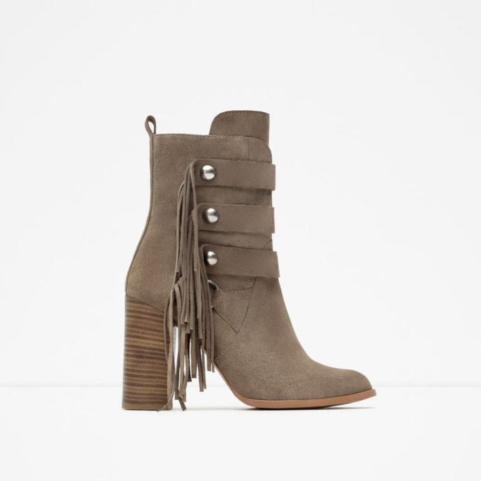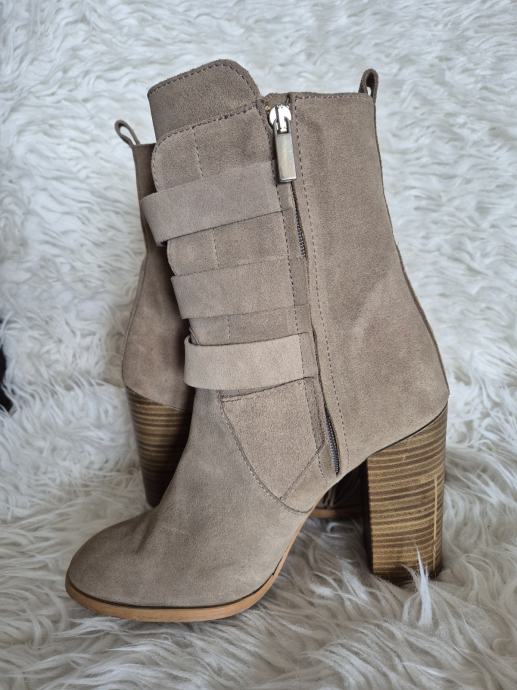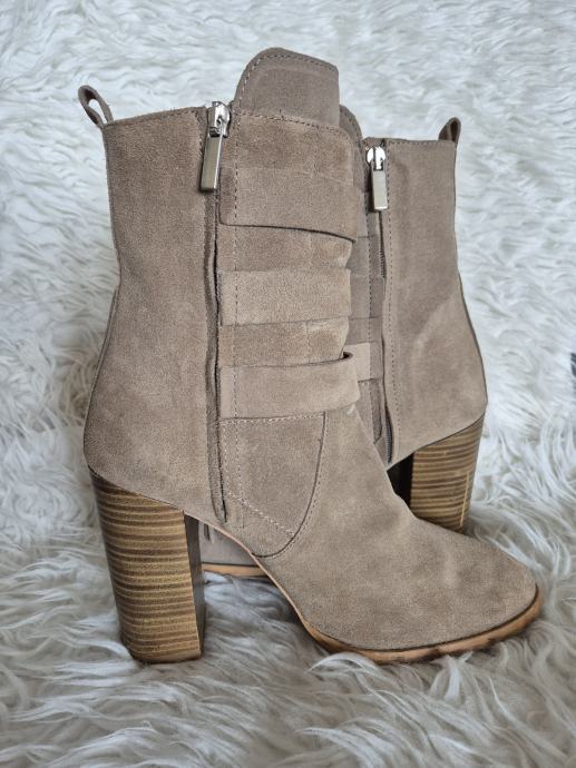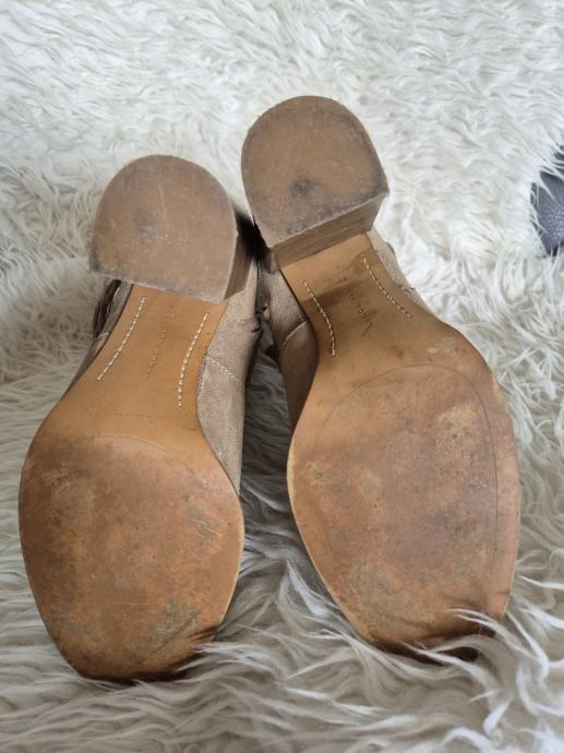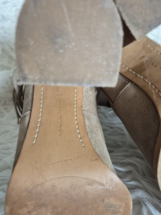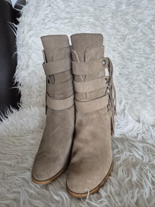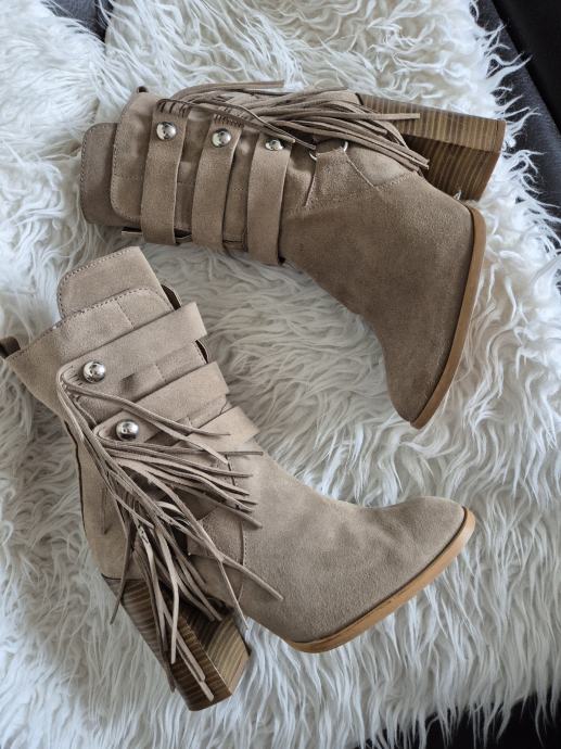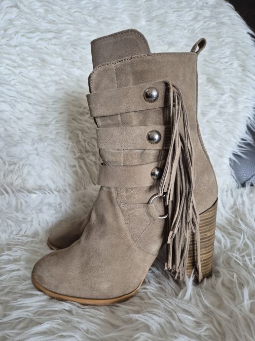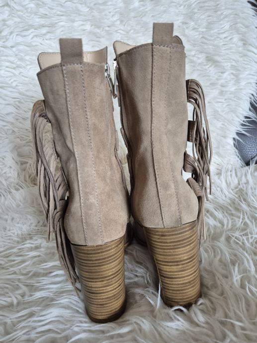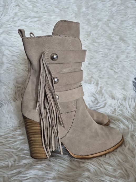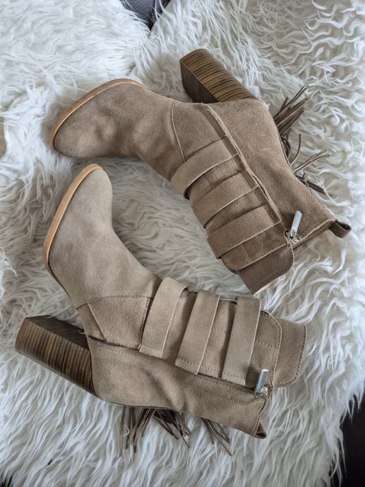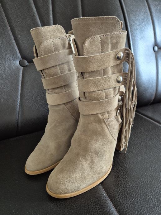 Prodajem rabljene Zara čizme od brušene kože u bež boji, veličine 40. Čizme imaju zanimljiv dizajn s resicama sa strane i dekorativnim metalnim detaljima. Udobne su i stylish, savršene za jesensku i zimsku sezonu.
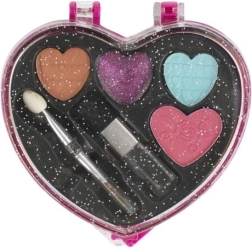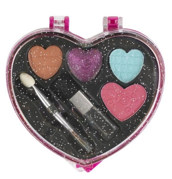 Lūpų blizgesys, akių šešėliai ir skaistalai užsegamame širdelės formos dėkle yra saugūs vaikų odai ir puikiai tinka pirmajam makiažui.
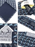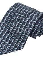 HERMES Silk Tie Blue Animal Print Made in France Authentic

====================

Required work
Leave the pictures out, and please copy only the lines from the one with "Lūpų blizgesys, akių" through the end of the listing.

Task answer
 Lūpų blizgesys, akių šešėliai ir skaistalai užsegamame širdelės formos dėkle yra saugūs vaikų odai ir puikiai tinka pirmajam makiažui.
 HERMES Silk Tie Blue Animal Print Made in France Authentic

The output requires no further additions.